A “thrifty” gene that may have once protected Samoans in times of food scarcity could now be contributing to their record-high rates of obesity, a new study reports.

In a paper published in Nature Genetics, a team of scientists including Yale School of Public Health researcher Nicola Hawley, Ph.D., assistant professor in the Department of Chronic Disease Epidemiology, links a gene variant, common in the local population but rare in the rest of the world, with a higher body mass index (BMI).

gene

While obesity is reaching pandemic levels world wide, the problem is of acute concern in the South Pacific Island of Samoa, where 80 percent of men and 91 percent of women are obese, and BMI has reportedly risen at five times the global rate over the past 30 years.

To find the gene related to higher BMI, the research team genotyped more than 600,000 markers on the genomes of more than 3,000 Samoans from 33 villages across Samoa. On chromosome five, they were able to pinpoint a mutation as the variant associated with a substantially increased risk of obesity when present. This variant, while common in Samoans, is virtually nonexistent in other populations and has an effect size much larger than other known obesity risk variants. Interestingly, while the mutation increases risk of obesity, it simultaneously appears to protect against diabetes risk.

“This is a fascinating finding,” said Hawley, one of the paper’s first authors. “We have more work to do to understand how this mutation really exerts it effect, but we hope that with that understanding we may be able to develop much better interventions for use in the Samoan setting.”

While the gene is a strong indicator of a genetic cause for obesity, it is just one of many factors that contribute to Samoa’s record rates of obesity.

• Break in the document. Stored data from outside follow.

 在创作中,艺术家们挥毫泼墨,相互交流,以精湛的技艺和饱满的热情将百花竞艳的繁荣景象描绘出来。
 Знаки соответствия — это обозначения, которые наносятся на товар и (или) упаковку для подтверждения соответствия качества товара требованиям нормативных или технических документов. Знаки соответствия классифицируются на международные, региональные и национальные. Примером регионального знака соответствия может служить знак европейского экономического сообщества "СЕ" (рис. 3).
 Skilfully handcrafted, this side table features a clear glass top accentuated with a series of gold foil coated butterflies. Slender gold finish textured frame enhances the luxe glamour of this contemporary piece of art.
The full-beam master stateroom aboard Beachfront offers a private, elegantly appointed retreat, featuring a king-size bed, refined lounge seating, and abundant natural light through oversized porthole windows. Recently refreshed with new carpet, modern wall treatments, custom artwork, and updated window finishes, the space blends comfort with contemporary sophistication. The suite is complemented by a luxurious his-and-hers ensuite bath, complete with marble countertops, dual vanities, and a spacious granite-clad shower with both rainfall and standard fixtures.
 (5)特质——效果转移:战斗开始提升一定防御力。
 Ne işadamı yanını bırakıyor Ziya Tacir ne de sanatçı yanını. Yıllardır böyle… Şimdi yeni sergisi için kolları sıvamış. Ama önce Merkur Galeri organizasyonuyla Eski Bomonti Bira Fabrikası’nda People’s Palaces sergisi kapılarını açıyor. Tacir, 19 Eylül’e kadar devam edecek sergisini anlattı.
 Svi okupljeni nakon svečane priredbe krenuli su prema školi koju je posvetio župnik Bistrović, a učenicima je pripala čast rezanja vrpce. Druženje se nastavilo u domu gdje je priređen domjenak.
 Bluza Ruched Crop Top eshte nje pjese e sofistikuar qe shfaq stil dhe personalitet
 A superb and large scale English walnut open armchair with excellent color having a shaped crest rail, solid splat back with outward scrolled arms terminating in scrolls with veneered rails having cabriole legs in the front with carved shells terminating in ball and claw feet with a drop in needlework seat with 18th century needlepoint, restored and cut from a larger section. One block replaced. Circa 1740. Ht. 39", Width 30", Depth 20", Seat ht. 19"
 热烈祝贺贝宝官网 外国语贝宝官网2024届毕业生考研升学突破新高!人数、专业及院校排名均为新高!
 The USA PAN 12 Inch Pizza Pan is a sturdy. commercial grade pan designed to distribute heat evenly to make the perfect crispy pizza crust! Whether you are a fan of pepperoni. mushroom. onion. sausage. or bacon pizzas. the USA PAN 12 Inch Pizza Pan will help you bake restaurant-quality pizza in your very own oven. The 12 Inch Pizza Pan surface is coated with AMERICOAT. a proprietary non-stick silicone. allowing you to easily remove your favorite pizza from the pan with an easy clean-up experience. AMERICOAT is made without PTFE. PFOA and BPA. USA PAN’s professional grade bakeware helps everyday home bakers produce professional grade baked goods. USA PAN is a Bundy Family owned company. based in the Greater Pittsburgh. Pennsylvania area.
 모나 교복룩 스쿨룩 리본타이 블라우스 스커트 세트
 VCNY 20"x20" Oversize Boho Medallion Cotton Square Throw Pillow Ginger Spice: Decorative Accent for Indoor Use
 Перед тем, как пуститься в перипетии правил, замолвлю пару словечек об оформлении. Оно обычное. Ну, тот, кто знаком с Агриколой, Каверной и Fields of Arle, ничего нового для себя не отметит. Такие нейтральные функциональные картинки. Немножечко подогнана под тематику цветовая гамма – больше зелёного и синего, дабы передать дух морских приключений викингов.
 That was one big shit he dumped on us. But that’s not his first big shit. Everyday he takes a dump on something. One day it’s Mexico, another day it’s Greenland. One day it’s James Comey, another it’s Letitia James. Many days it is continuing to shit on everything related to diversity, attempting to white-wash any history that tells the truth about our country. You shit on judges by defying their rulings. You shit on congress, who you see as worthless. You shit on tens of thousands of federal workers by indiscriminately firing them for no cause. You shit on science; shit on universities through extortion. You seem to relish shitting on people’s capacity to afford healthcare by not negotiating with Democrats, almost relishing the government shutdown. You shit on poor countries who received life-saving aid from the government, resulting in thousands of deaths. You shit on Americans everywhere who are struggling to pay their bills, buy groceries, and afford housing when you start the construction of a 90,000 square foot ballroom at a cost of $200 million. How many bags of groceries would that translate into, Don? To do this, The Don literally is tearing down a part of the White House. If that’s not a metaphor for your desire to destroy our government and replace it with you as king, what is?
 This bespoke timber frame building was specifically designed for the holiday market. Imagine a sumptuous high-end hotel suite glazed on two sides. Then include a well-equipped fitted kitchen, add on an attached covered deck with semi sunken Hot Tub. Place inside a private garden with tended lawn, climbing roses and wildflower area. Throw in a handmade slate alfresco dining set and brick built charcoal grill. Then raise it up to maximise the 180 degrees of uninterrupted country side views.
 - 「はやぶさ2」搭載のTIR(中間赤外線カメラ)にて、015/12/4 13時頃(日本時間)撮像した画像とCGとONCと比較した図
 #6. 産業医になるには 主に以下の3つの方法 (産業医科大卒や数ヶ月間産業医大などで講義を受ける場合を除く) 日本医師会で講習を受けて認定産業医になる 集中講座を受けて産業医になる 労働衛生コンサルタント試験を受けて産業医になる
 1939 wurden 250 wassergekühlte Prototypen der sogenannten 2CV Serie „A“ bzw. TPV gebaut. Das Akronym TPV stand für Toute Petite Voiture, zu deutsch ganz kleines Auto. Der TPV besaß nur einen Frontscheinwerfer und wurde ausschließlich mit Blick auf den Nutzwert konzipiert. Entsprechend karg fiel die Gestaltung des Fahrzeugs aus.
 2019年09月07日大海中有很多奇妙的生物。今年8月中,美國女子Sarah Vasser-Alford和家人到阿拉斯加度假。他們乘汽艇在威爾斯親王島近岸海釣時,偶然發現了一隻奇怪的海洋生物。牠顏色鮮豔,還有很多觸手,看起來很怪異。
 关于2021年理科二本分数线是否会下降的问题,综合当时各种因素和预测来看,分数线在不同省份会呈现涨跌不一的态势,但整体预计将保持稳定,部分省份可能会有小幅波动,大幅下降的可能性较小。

In her previous research, Hawley outlined the environmental factors that have exacerbated the obesity crisis there, including greater consumption of processed foods and more sedentary lifestyles.

Because Samoans historically did not always exhibit such a high level of obesity, it is possible, researchers suppose, that Samoans who carried this “thrifty” gene at the time of the first settlement of the islands were better able extract and store nutrition from limited food resources. Now, the gene that contributed to survival in a time of food scarcity has the opposite effect, increasing BMI in an environment dominated by an abundance of unhealthy, high-calorie foods.

The relative isolation of the Samoan population, located in the South Pacific, provides researchers with an opportunity to study the genetic causes of obesity, with the future potential to apply their findings to other populations around the world. More research is needed to gain deeper knowledge of the evolutionary roots of obesity, so that policymakers can make more informed decisions in Samoa about how to address their obesity-related health challenges.

Hawley collaborated on the research with scientists from the United States (Brown, Pittsburgh, and Cincinnati Universities), Samoa and American Samoa.